#### [Brief]
Find the line below with "母音の脱落や裏声も歌詞に記号". Print it and every line after it exactly, through the last line, leaving out the pictures.

#### [Source data]
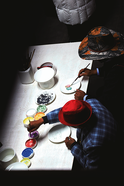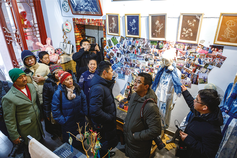 您瞧,五彩斑斓的塘坊糕点滋味飘香,好看好闻更好吃,引得客人连连称赞;将新做的扎染帽子戴在头上,别有一番风味;有的坐上黄包车,有人拉起,小跑一段儿体验中国电影里的旧时光;有的一起做版画,揭开一张象征如意的“天官赐福”;有的动手捏制陶碗陶盆,看泥土在手中千变万化;背靠古色古香的老建筑,手机放出音乐,集体来一段尼泊尔歌舞,献给当地的滨州游客……
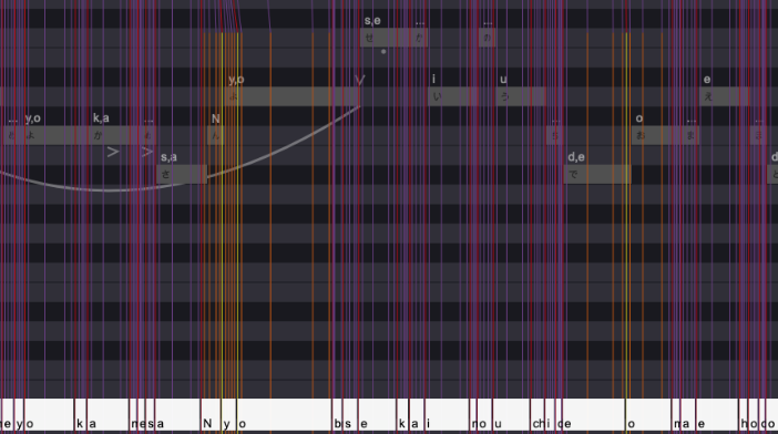 母音の脱落や裏声も歌詞に記号を入れることで簡単に再現でき、英語の歌詞も英語のまま入力できます。
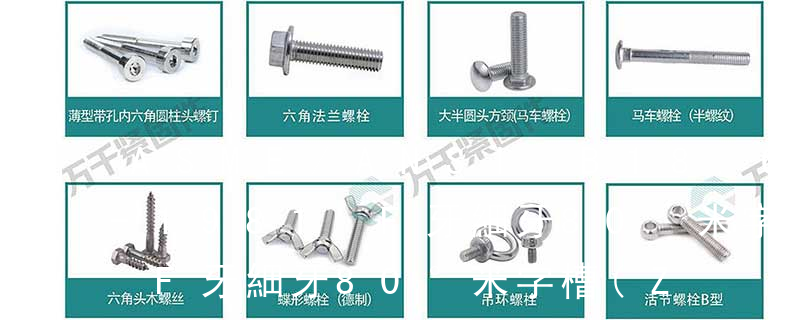3.螺釘:也是由頭部和螺桿兩部分構成的一類緊固件,按用途可以分為三類:機器螺釘、緊定螺釘和特殊用途螺釘。機器螺釘主要用于一個緊定螺紋孔的零件,與一個帶有通孔的零件之間的緊固連接,不需要螺母配合(這種連接形式稱為螺釘連接,也屬于 (鐵板牙自攻螺絲) B-2: Plastic Tapping Screw. (塑膠用,自攻螺絲) C: Wooden Screw : 木工螺絲 D: Drywall Screw :水泥墻螺絲 E: Self Drilling Screws鉆尾螺絲(不銹鋼鉆尾螺絲,復合材料鉆尾螺絲) F:膨脹螺絲,四片膨脹螺絲又

#### [Solution for this task]
 母音の脱落や裏声も歌詞に記号を入れることで簡単に再現でき、英語の歌詞も英語のまま入力できます。
3.螺釘:也是由頭部和螺桿兩部分構成的一類緊固件,按用途可以分為三類:機器螺釘、緊定螺釘和特殊用途螺釘。機器螺釘主要用于一個緊定螺紋孔的零件,與一個帶有通孔的零件之間的緊固連接,不需要螺母配合(這種連接形式稱為螺釘連接,也屬于 (鐵板牙自攻螺絲) B-2: Plastic Tapping Screw. (塑膠用,自攻螺絲) C: Wooden Screw : 木工螺絲 D: Drywall Screw :水泥墻螺絲 E: Self Drilling Screws鉆尾螺絲(不銹鋼鉆尾螺絲,復合材料鉆尾螺絲) F:膨脹螺絲,四片膨脹螺絲又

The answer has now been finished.